The investigators are now working to characterize the axonal swelling. “It's possible it is a primary axonal degeneration without demyelination,” Dr. Trapp added. “Careful examination of axonal pathology will be important going forward.”
“The field has assumed for generations that MS is primarily a white matter disorder,” said Jeroen Geurts, PhD, professor of translational neuroscience in the department of anatomy & neurosciences at the VU University Medical Center in Amsterdam, the Netherlands. “My own work has focused on demonstrating that the gray matter is heavily affected as well, but never with the idea that gray matter damage could go entirely without white matter lesions. It leaves an important shadow of a doubt on our current assumptions of the origin of the disease, too. At least in some cases.

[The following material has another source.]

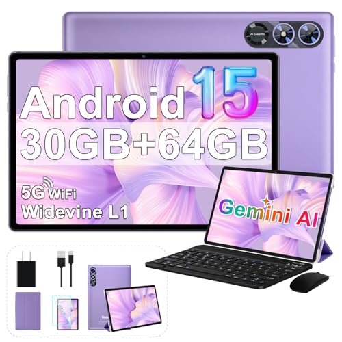 2025 Android 15 Tablet with Keyboard | Gemini AI, 30GB+128GB Octa-Core Electronics Tablets w/ 10 Inch IPS HD Display, 8000mAh, 5G WiFi, 1TB Expand, Mouse+Case, BT 5.0, Widevine L1, Metal Body -Purple

“I was worried when I first read the study that we're missing something on MRI or there's a mismatch between MRI and pathology, but the study seems very sturdy. This looks to be real,” Dr. Geurts added. “We need to continue working on more pathology-specific imaging techniques. Both in Cleveland and in Amsterdam, there are post mortem protocols which can show directly which pathological correlate is responsible for which MRI abnormality. Now that we know what to look for, we can try and adapt the imaging so we can start recognizing the new pattern in vivo.” “This new pathologic subtype of MS is very interesting. It dissociates neuron cell loss in cortex from subcortical white matter demyelination. These patients had brain MRI findings typical of MS, but the cerebral white matter lesions seen on MRI were not demyelinated,” said Anne H. Cross, MD, head of the neuroimmunology (MS) section in adult neurology and the Manny and Rosalyn Rosenthal-Dr. John Trotter MS Center chair in neuroimmunology at Washington University in St. Louis. “We don't have a way now to detect these patients when they are alive. The clinicians looking back on the MR scans and medical records could not differentiate between the patients with typical MS and with the new subtype.
“The first step to better understanding is recognizing this subtype, especially while people with it are alive,” she added. “The study raises many questions. Is there a genetic predisposition to more neuronal loss and less cerebral white matter demyelination? Does this type of MS have a different autoimmune target within the central nervous system compared to typical MS?”
Jerry S. Wolinsky, MD, emeritus professor in neurology at the University of Texas Health Science Center at Houston (UTHealth) McGovern Medical School, said that he is “currently reluctant to split the MS phenotypes any further. How can we in practice consider this as a new phenotype when there is no way yet to distinguish these two groups of patients clinically or by current MR imaging?
“We have a lot of work to do to figure out this mismatch in the MRI and what pathologists at several centers now tell us are patterns seen at the end of a person's life,” he added.